_ASSIGNED TASK_. Would you print only the lines running from the one with "另外,体育场外围地面还将铺上" to the final line of the data below, word for word and without pictures?

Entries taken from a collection
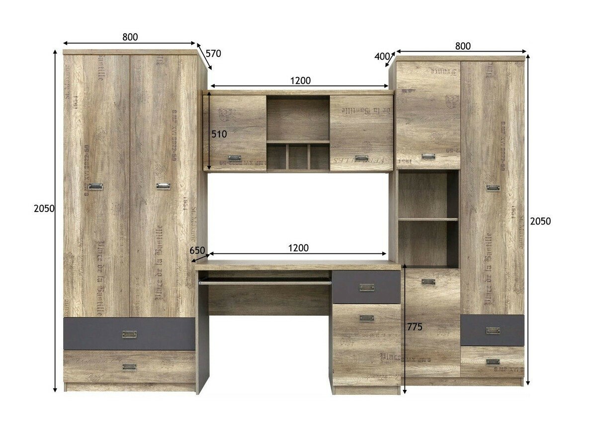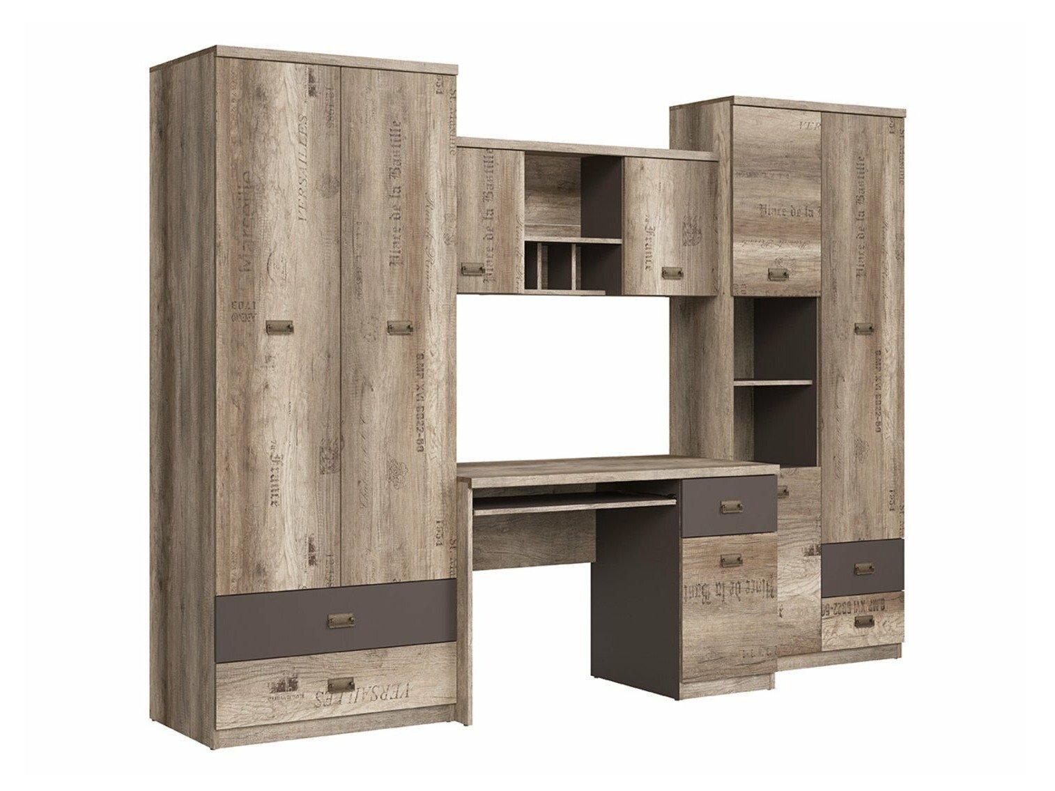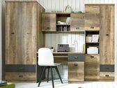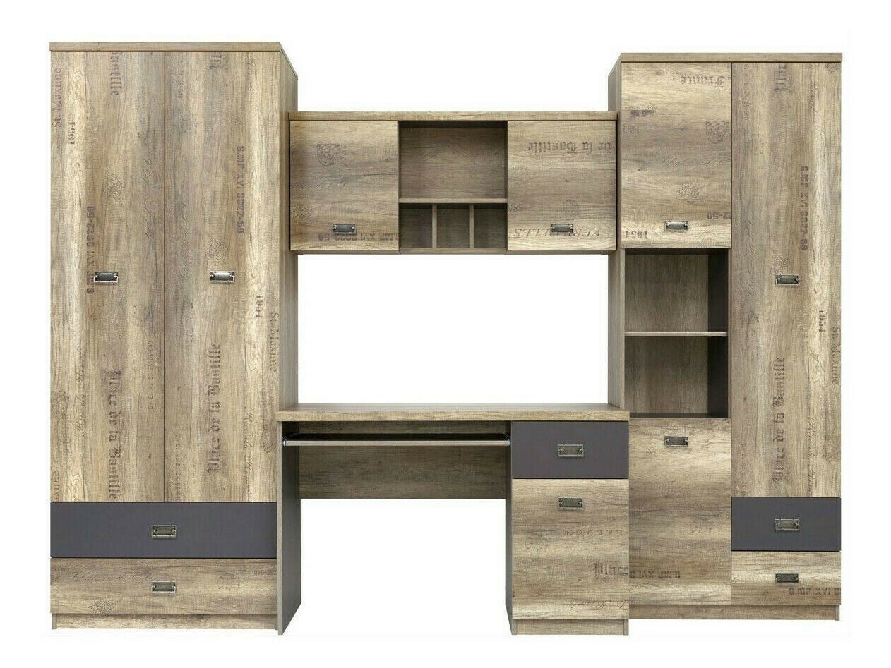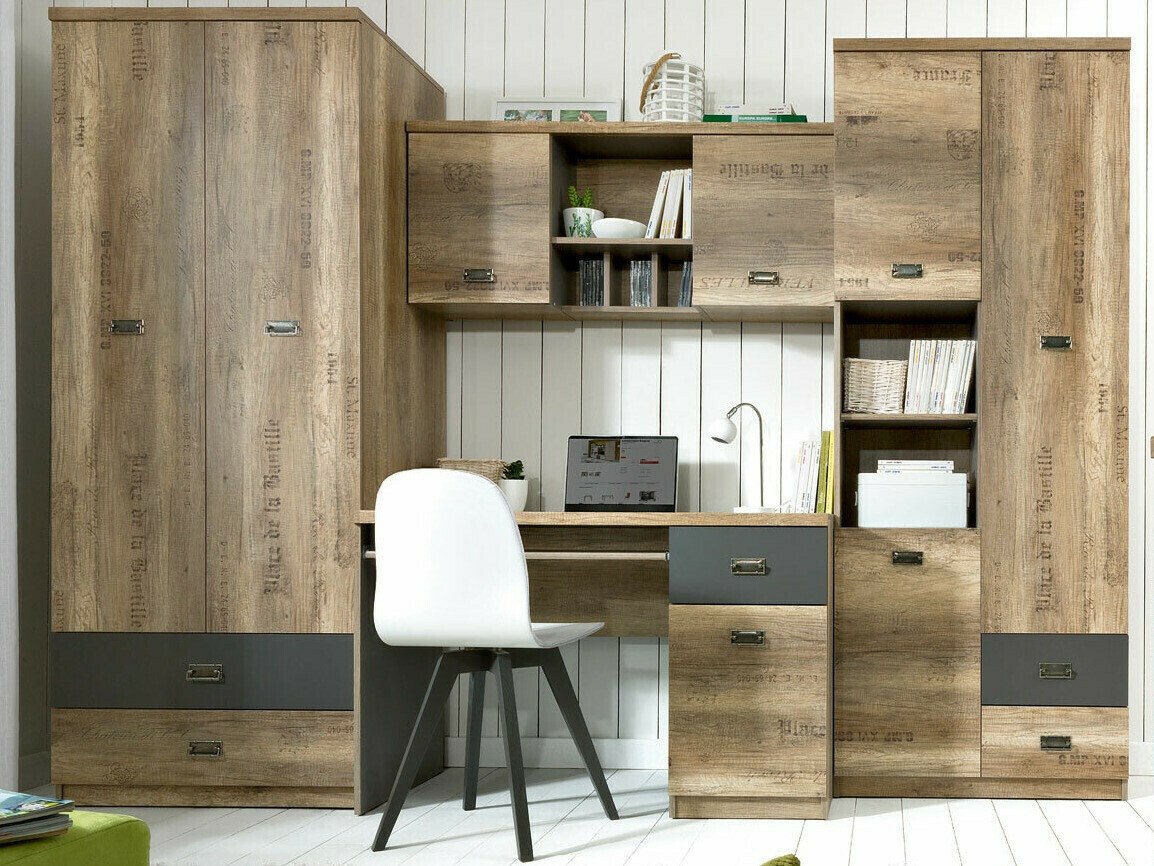 Collection de meubles - pour les passionés de style industriel. Le design soigné des meubles vous permettra de trouver de l'espace pour tous vos livres, cahiers ou fournitures scolaires. La surface des meubles est résistante aux petites rayures. Le caractère jeune des meubles est accentué par d'intéressantes poignées en métal. Les façades des meubles ornées de notes décoratives contribueront à créer une ambiance de style industriel dans la pièce. Les différents éléments de la collection peuvent être facilement combinés entre eux afin que leur agencement réponde parfaitement aux besoins individuels du jeune.
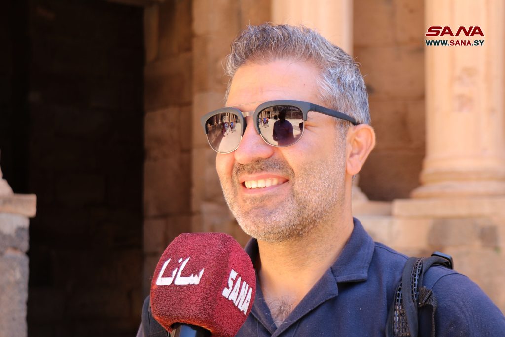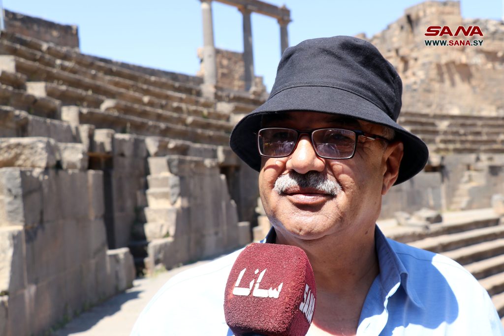 مدير السياحة ياسر السعدي أوضح أن مدينة بصرى تشهد زيارات عدة بعد رفع إجراءات الحجر الصحي على خلفية جائحة كورونا مشيراً إلى أن مديرية السياحة تقوم بإجراءات للترويج السياحي للمواقع الأثرية في المحافظة بما يعيد الألق إليها.
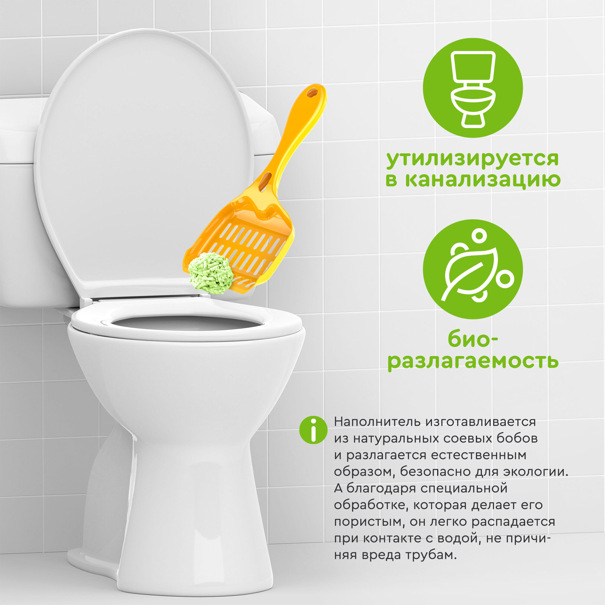 Наполнитель для кошачьего туалета, TOOCATTISH, Оригинал, 20 кг, 48 л, тофу, комкующийся, соевый, смываемый
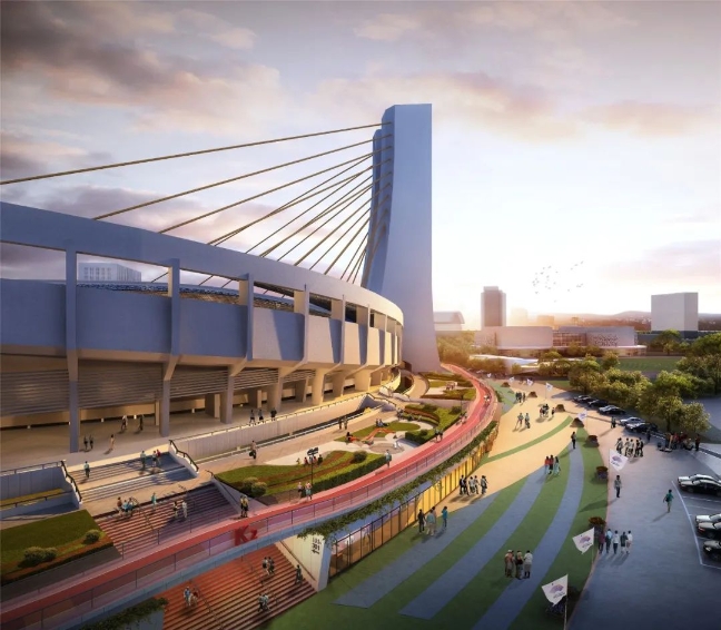 另外,体育场外围地面还将铺上SP彩绘路面,8种颜色,从空中俯瞰,黄龙体育场将拥有三层色彩,貌美!
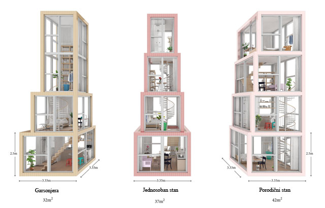 Ovaj projekat primenjuje modularni sistem gradnje koji koristi „lagane“ materijale. Ovde su nagomilane stambene jedinice raspoređene tako da se nalaze jedna na drugoj.
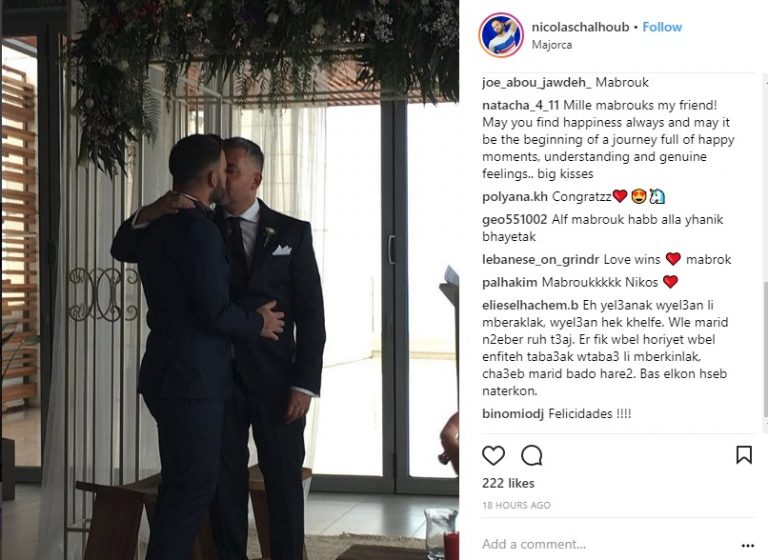 نيقولا شلهوب الذي ترك بلاده ليهاجر إلى جزيرة مايوركا الإسبانية بسبب ميوله الجنسية وعدم تقبل مجتمعه لهذه الميول، أثار جدلاً واسعًا على مواقع التواصل بالصورة التي نشرها، حيث انتقده فريق كبير من متابعيه، فيما بارك له بعض أصدقائه على زواجه من رجل.
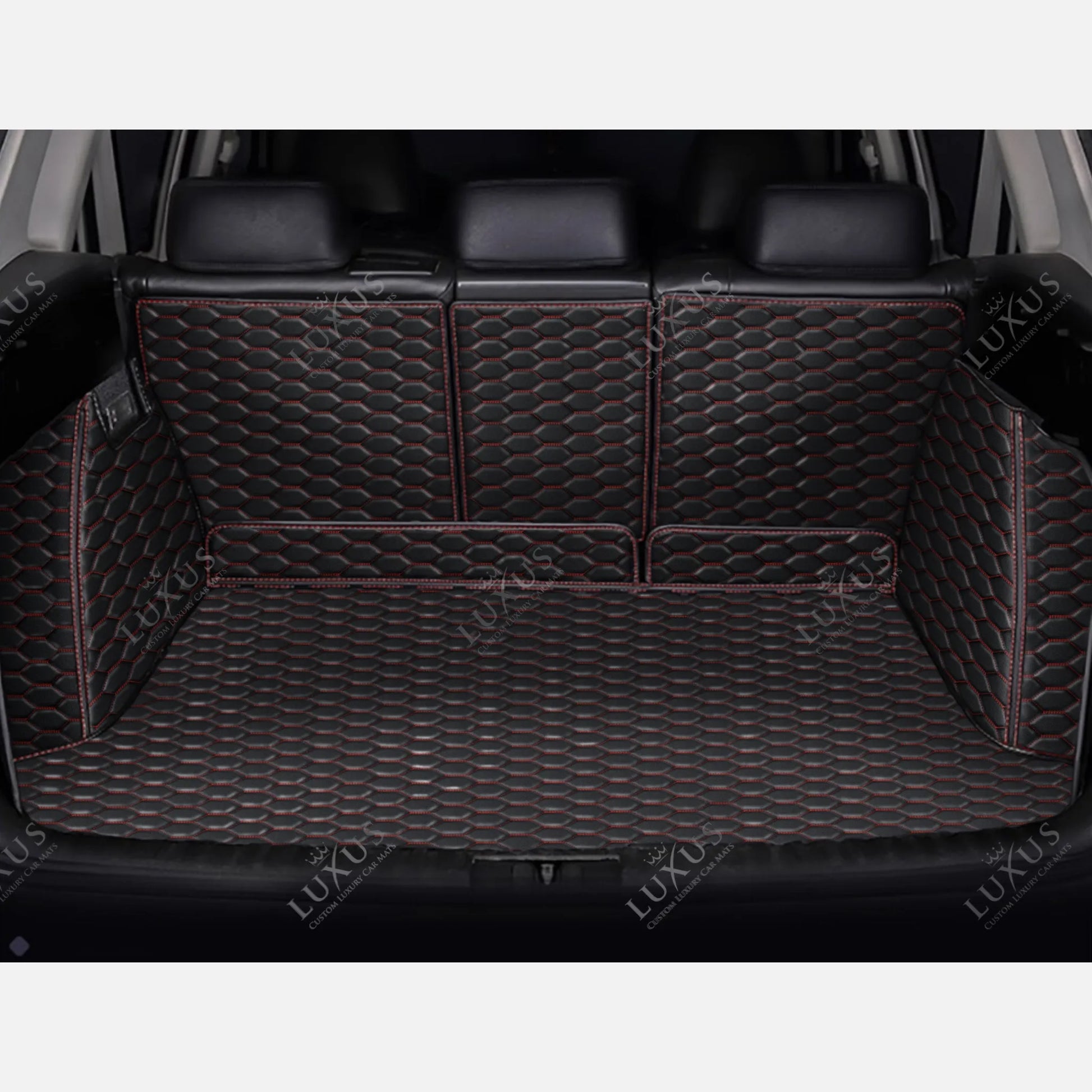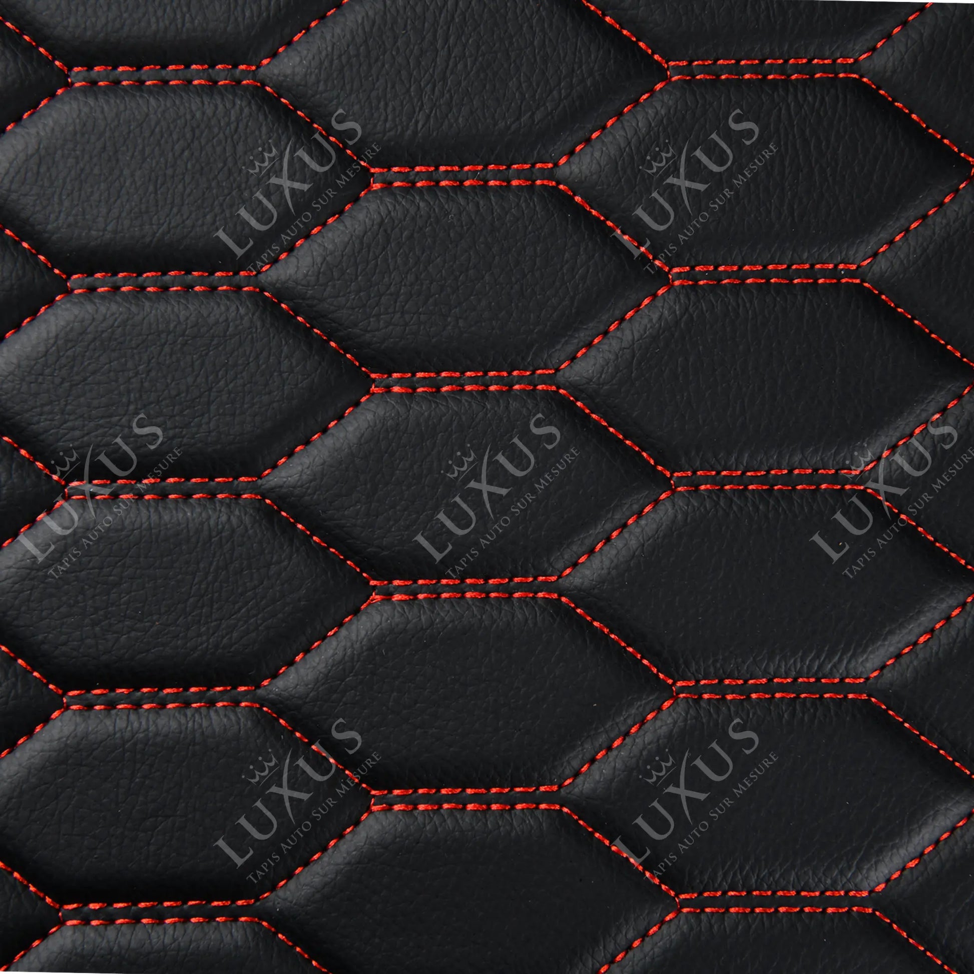 Tapis de Coffre 3D Intégral sur Mesure Premium Luxus – Motif Nid d’Abeille Noir avec Surpiqûres Rouges
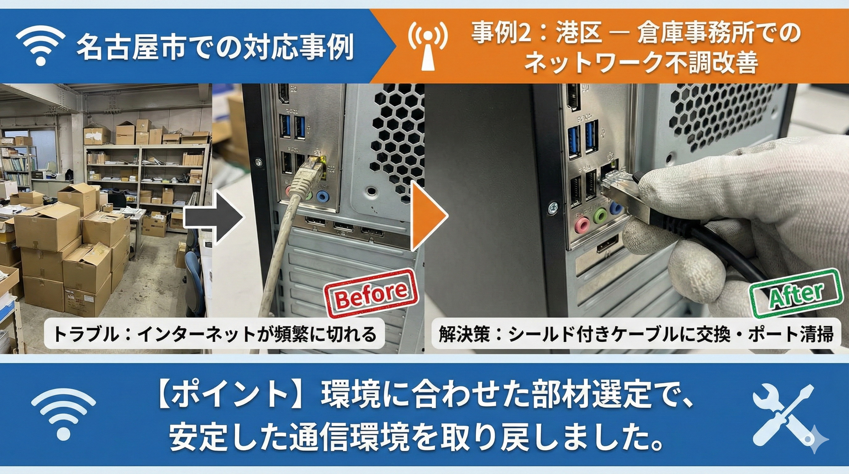 事例2:港区 — 倉庫事務所でのネットワーク不調改善
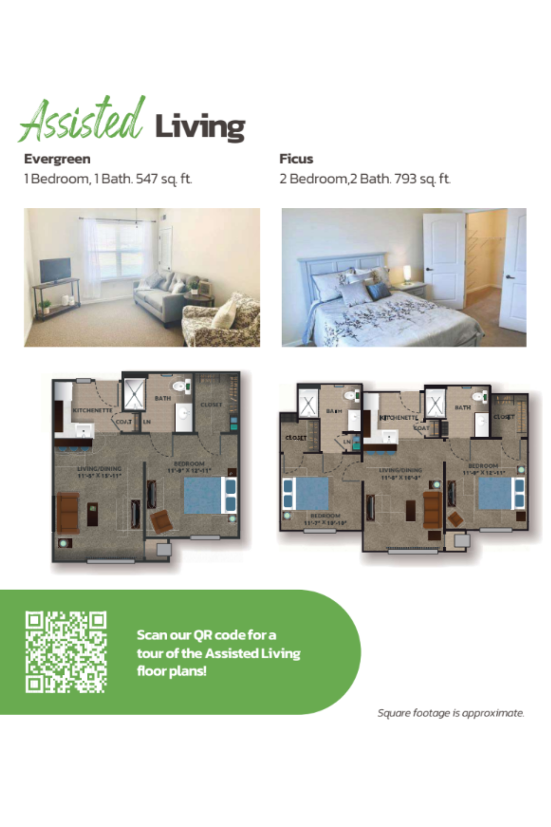 Discover comfort and peace of mind in our Evergreen one-bedroom, one-bathroom assisted living apartment — 547 sq. ft. of thoughtfully designed living space for $5,640/month.
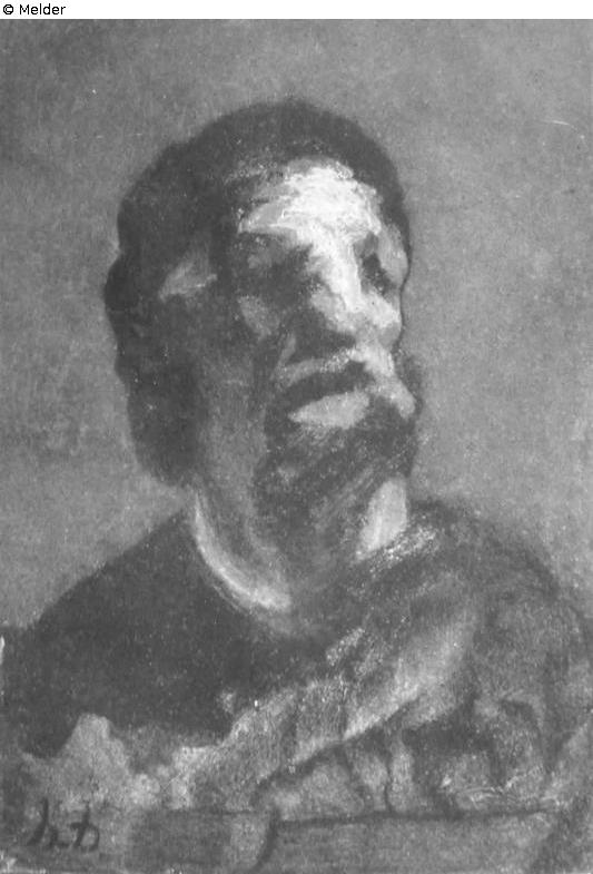 Portrait of a bareheaded man, en face, head with quarter turn to the right, in front of a brown-black background. Signed lower left

_COMPLETED EXERCISE_.
 另外,体育场外围地面还将铺上SP彩绘路面,8种颜色,从空中俯瞰,黄龙体育场将拥有三层色彩,貌美!
 Ovaj projekat primenjuje modularni sistem gradnje koji koristi „lagane“ materijale. Ovde su nagomilane stambene jedinice raspoređene tako da se nalaze jedna na drugoj.
 نيقولا شلهوب الذي ترك بلاده ليهاجر إلى جزيرة مايوركا الإسبانية بسبب ميوله الجنسية وعدم تقبل مجتمعه لهذه الميول، أثار جدلاً واسعًا على مواقع التواصل بالصورة التي نشرها، حيث انتقده فريق كبير من متابعيه، فيما بارك له بعض أصدقائه على زواجه من رجل.
 Tapis de Coffre 3D Intégral sur Mesure Premium Luxus – Motif Nid d’Abeille Noir avec Surpiqûres Rouges
 事例2:港区 — 倉庫事務所でのネットワーク不調改善
 Discover comfort and peace of mind in our Evergreen one-bedroom, one-bathroom assisted living apartment — 547 sq. ft. of thoughtfully designed living space for $5,640/month.
 Portrait of a bareheaded man, en face, head with quarter turn to the right, in front of a brown-black background. Signed lower left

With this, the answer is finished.